Passione

Like New Orleans, Naples is a city famous for its music. And also like New Orleans, it's famous as a seaport, and as a city where passions run high. "Passione,"…

Like New Orleans, Naples is a city famous for its music. And also like New Orleans, it's famous as a seaport, and as a city where passions run high. "Passione," which opens here today, is a rich and fascinating documentary film of Naples, its people and its music, directed by John Turturro, who also acts as an occasional narrator.
 
And it's a very small-d democratic view, though it shorts grand opera and religious music in favor of flamenco, blues, jazz, Euro-beat, even modern hip-hop rhythms. Mostly, of course, it's songs of love, primarily tragic love, sometimes commercial love. There are three versions of "O Sole Mio," the most moving a rendition by M'Barkea Ben Taleb, a Tunisian who sings in Arabic.
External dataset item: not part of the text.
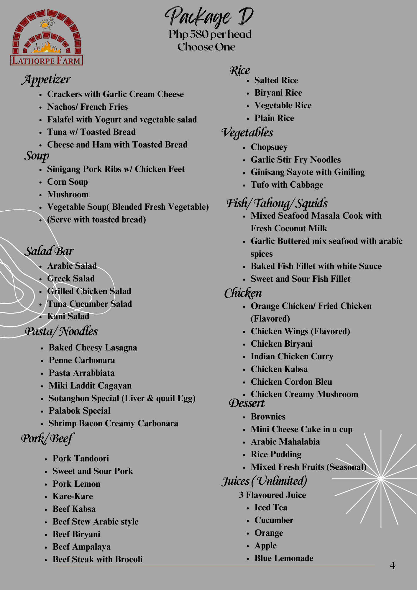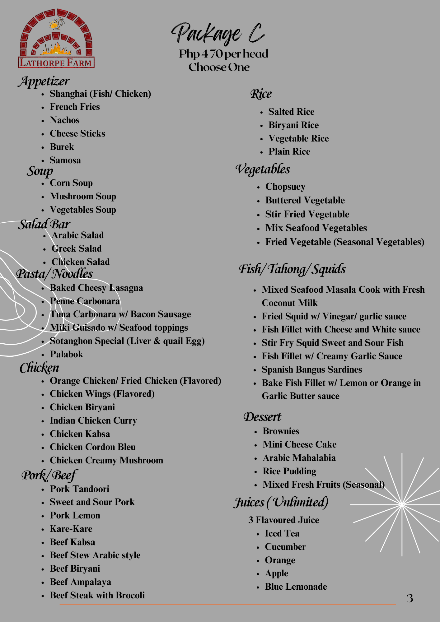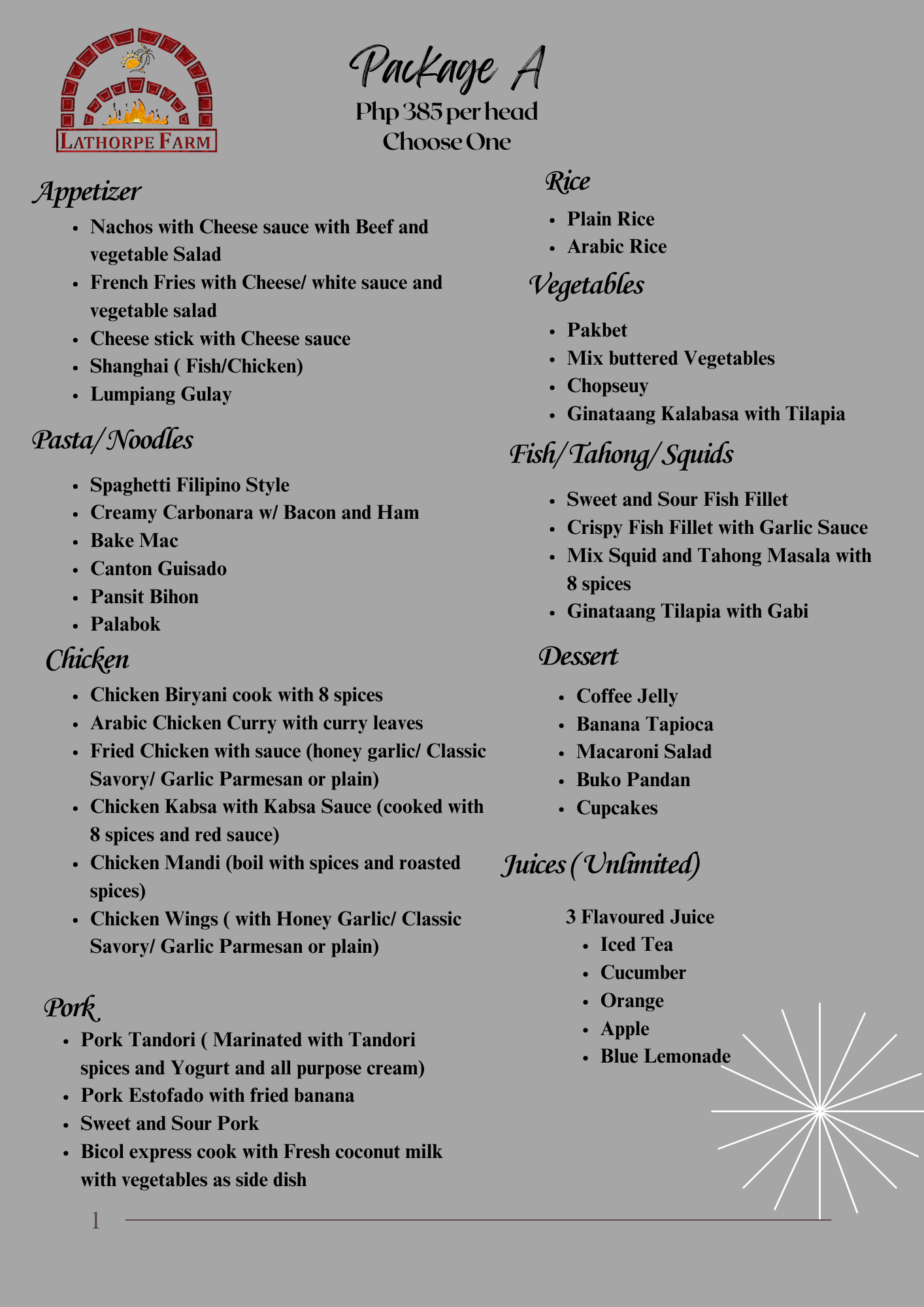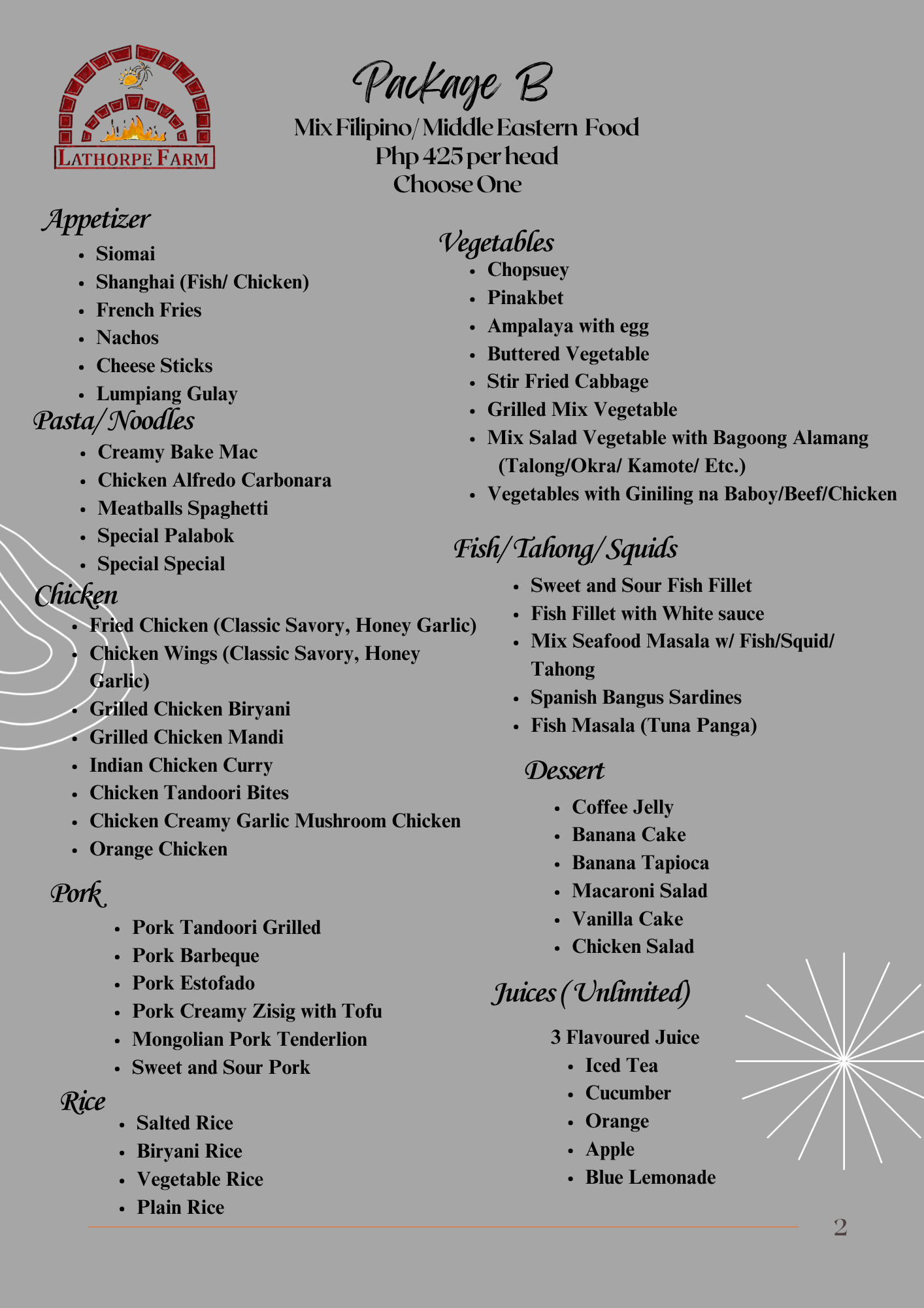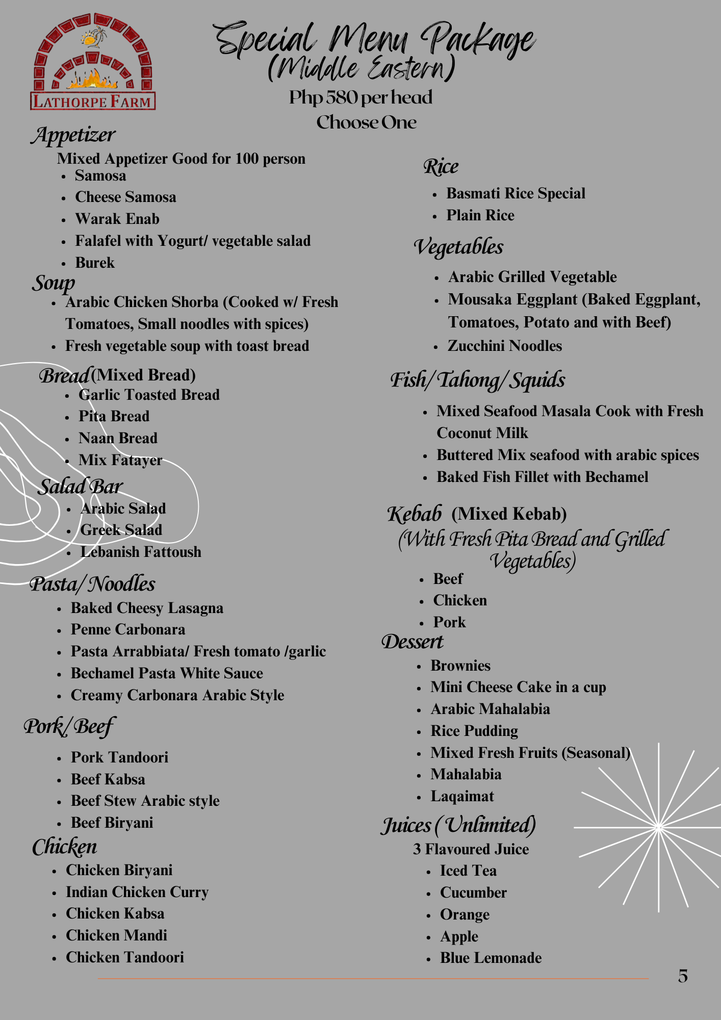 At La Thorpe Farm, savor our signature biryani made with rich spices and premium ingredients, alongside freshly baked pizzas, kebabs, and kabsa. Perfect for dine-in and catering for every special occasion.

Fausto Cigliani offers a brilliant, tense, guitar solo, and James Senese, who never knew his American father, a black soldier from North Carolina, shows great talent on the saxophone and talks about his childhood difficulties stemming from being of mixed race, mixed nationality and illegitimate.
 
Three elderly Neapolitans argue the superiority of Enrico Caruso and Fernando de Lucia, an early 20th-century opera star on a similar level, but they do agree that no one in the discussion has heard De Lucia at his best because of the difference in recording ability.
 
The most startling music is a World War II-era novelty, "Pistol-Packin' Mama," sung in both English and Italian by a highly theatrical trio including Ben Taleb, Max Casella and Peppe Barra while silent military and newsreel footage shows Naples during wartime and after it was freed from the Germans, including de-lousing treatment for children.
 
It's a fascinating film, showing Turturro's love for Italy (his mother was Sicilian, his father from Bari), even in a difficult time with immigration problems, poverty and high unemployment (sound familiar?). Neapolitan laundry lines and back yards offer an interesting backdrop for singers in front of fountains, statues, churches and slum apartment buildings. The cinematography, often magical, is by Marco Pontecorvo, son of the great Italian director, Gillo Pontecorvo, whose "The Battle of Algiers" is a landmark film.